Jeff and I got to the station and walked around the interior for a bit, noticing some of the elements that we’d like to shoot but also noticing the majority of the obstructions due to the holidays and construction that prevented us from getting what we wanted. So, we took our chances to shoot on the tracks.

We walked around the far side of the station, where access to the tracks was wide open. In these situations where you’re clearly shooting in and around restricted areas, it pays to feel out the surroundings first. We started shooting in mild locations, close to the public sidewalk and parking lot.

After a few minutes, we felt a bit more brazen and crossed the first set of tracks. Shooting was easy and the creativity started to flow, especially since it seemed like we would have free reign. After another 15 minutes or so, we moved to the far tracks, which offered the best views. Because none of these lines had a third rail, I wasn’t worried about getting electrocuted. And, there was no traffic on the tracks the entire time we were there.

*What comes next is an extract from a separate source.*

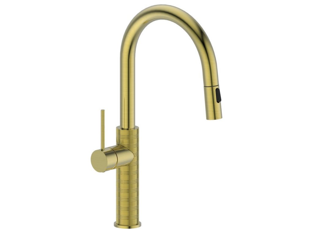 FLAWO stojánková dřezová baterie s výsuvnou sprškou, zlato mat

But, all good things do end. After about 45 minutes, a security guard did casually make his way to us and politely asked us to leave because we were clearly trespassing. This is the pivotal point for us photographers.

We could have taken one of two roads – be rude or be cordial. We chose the latter and it paid off. The guard was very friendly, didn’t rush us out, and even helped us find a person who we could speak with about obtaining a permit to let us shoot legally.

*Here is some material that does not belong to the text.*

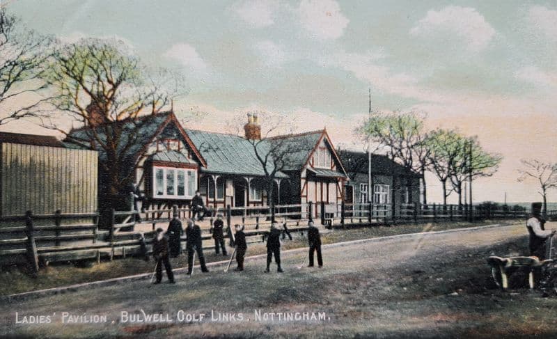 Used post card, showing the Ladies Pavilion, at the Bulwell Golf Links in Nottingham; coloured; message to rear; in good condition; postmark dated 1906; c.9cm by 14cm; part of the Clumber Series No 157

Now, I do not regret getting my shots. I will always opt to seek forgiveness before seeking permission with photography. The priority is to always get the shot. Without it, you have nothing.

But keep this in mind:
When you get caught, and it will happen, how you handle the situation is critical. Your actions at this point will cause ripples that will not only affect you, but also other photographers in the future. My hope is that because Jeff and I acted politely and subserviently, the next photographer who gets caught may also benefit, as it were.

My father always likes to say, You get more with honey than with vinegar.